I am left imagining a world where Larry and Sergey never had their idea, or never made it popular, and the algorithmic search engine never took off, and we lived instead in a world where curation ruled: hand-tuned lists of the best places to find answers to the best question in an actual web of links, as Tim (and Ted and arguably even Vannevar) intended?


A web built first of all on curation would not have magically solved all our problems. If anything, it would have been that much easier to buy your way onto the best of” lists and stay there. The whole point of PageRank was that it was a fair and impartial algorithm, not something which could be biased by conscious human choices. Until, of course, we realized that it was biased from the outset by the choices of its creators, and that those choices could in turn be exploited.

(No technology is unable to be exploited. This is why, when thinking about technologies we create, we should always ask not if it will be abused, but rather: by whom, and how.)

But the distortions would have been different. They would have been, in some sense, more traditional: the normal human foibles, expressed in <a> tags, magnified perhaps a little over the old idea of a physical directory (because space is no longer a limitation) — but not much. Not to the hubristic scale of Google’s current dream:

Our mission is to organize the world’s information and make it universally accessible and useful.

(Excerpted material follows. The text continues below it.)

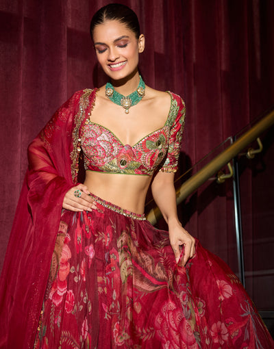 Introducing the zara lehenga set, a luxurious and exclusive addition to your wardrobe. Crafted with intricate detail and exquisite fabrics, this set exudes elegance and sophistication. Elevate your style and make a statement with this timeless piece.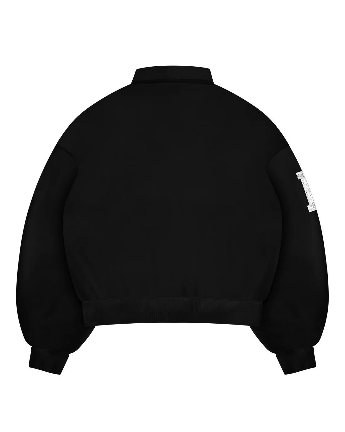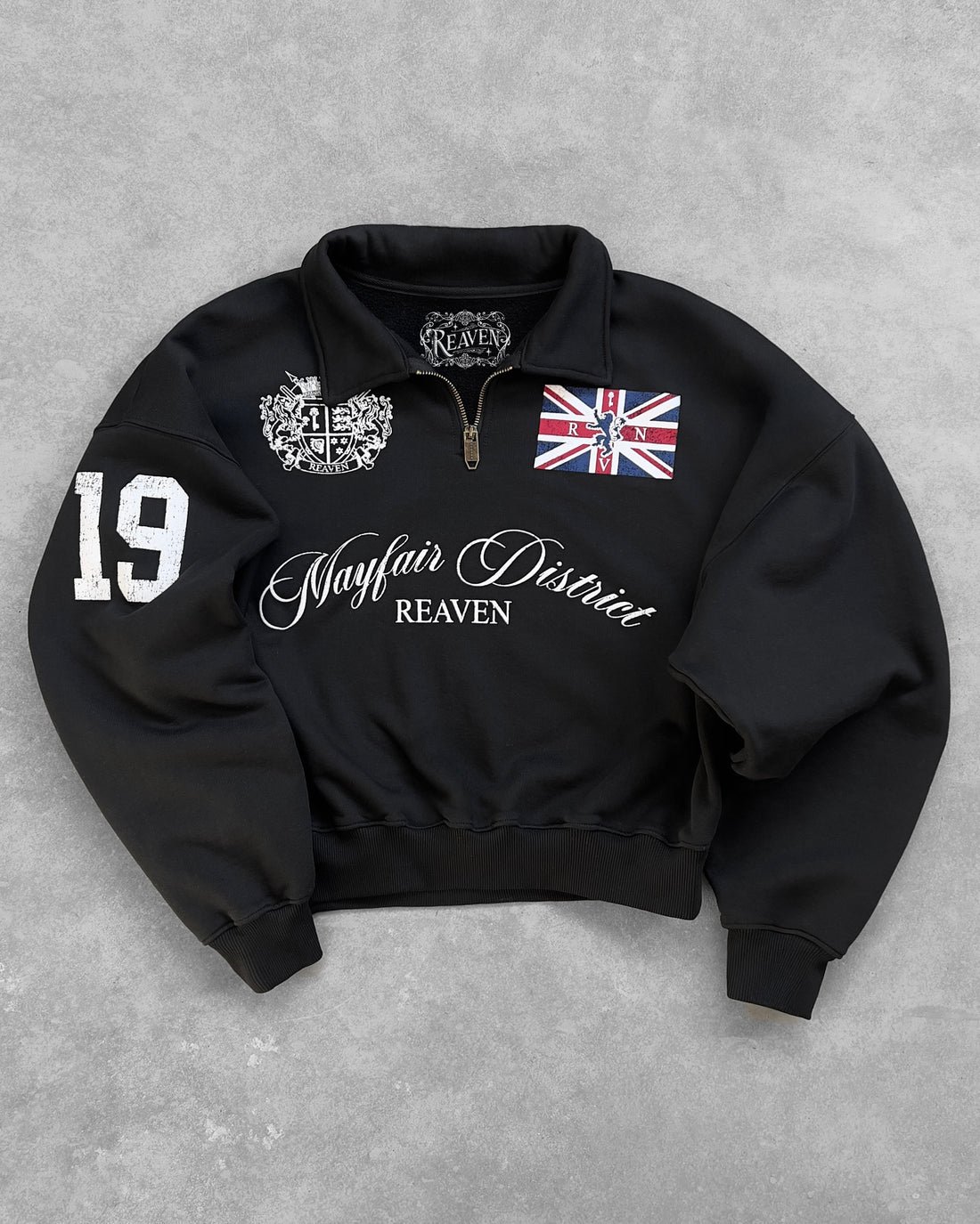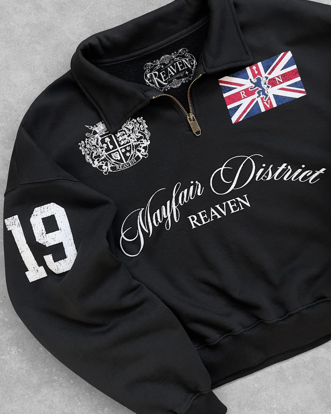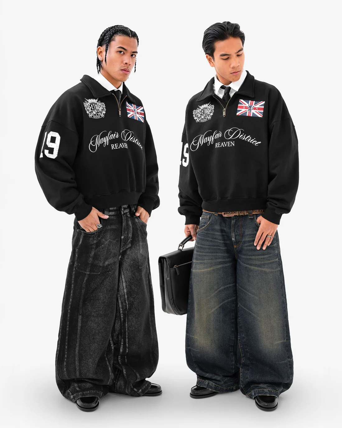 Definisci la tua estetica street con la polo Reaven Black Mayfair Half-Zip. Questo capo fonde la tradizione universitaria con lo streetwear moderno, presentando una silhouette corta e squadrata e spalle scese per un drappeggio rilassato. Il tessuto nero corvino funge da tela per intricati ricami ad alta densità, tra cui lo stemma del Mayfair District e un vivace motivo Union Jack. Rifinita con una cerniera personalizzata color oro e bordi a costine, questa polo conferisce un tocco sofisticato ma ribelle a qualsiasi guardaroba di alta moda.

The world’s information! All of it! And if that were not enough: to make it not only universally accessible (a debatable goal to say the least: should everything be accessible everywhere to everyone?) but useful: as if the utility of information were something to be determined, defined, and demarcated by a single megacorporate entity. Maybe hand-curated links would have been less stupid than that. Or at least: more distributedly-stupid, less powerfully-stupid, and therefore actually less bad.

I wonder.


Update, evening of 2021/08/27: a couple interesting bits from some colleagues after I shared this on LinkedIn:

  • Caitlin O’Connor pointed out that PageRank itself is fully general mathematically — it’s just eigenvectors after all!3 — so it’s the Google implementation (and decades-long elaboration) that’s particularly interesting here.

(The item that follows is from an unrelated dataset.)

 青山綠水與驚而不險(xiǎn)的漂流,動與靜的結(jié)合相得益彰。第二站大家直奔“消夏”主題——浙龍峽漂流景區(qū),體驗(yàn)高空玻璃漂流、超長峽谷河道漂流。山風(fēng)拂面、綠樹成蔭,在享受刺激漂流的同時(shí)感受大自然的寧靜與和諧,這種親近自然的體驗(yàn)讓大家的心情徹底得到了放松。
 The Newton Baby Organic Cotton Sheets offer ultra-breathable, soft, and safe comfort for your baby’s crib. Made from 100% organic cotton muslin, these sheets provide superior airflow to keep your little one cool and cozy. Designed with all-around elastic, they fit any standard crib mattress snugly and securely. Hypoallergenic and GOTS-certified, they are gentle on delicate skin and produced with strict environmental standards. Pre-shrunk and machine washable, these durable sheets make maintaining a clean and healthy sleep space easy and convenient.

  • Adam Hobson reminded me of Mahalo, which was an actual take at re-instantiating this alt-history back in the last 2000’s, and also shared Benedict Evans’ 2016 dictum (from Lists are the New Search):

    All curation grows until it requires search. All search grows until it requires curation.


Update, evening of 2021/08/28: Robin Sloan suggested to me a connection with librarians, whose dispositions and discipline might have made something very different of a curated web. Not for nothing so many sci-fi stories of libraries. (I still think public libraries are an under-appreciated, nearly-miraculous experiment!).

On which note: for the current-day, real-world intersection of librarians at their best and the internet, see Dan Cohen and his Humane Ingenuity, which is one of my favorite newsletters: not least for its own careful work of curation!


Notes

  1. This usage is, of course, something of an anachronism: the internet-age neologism crowdsourcing” was coined in 2005. ↩︎

  2. See, for example, this tweet thread — with a ThreadReader unroll here, though who knows for how long. Another provocation for another day: imagine if we, uhh, blogged? ↩︎

  3. …which, like me, you might not remember from your linear algebra or physics. In an amusing bit of happenstance, I just re-taught myself what eigenvectors and eigenvalues were two nights ago, though! ↩︎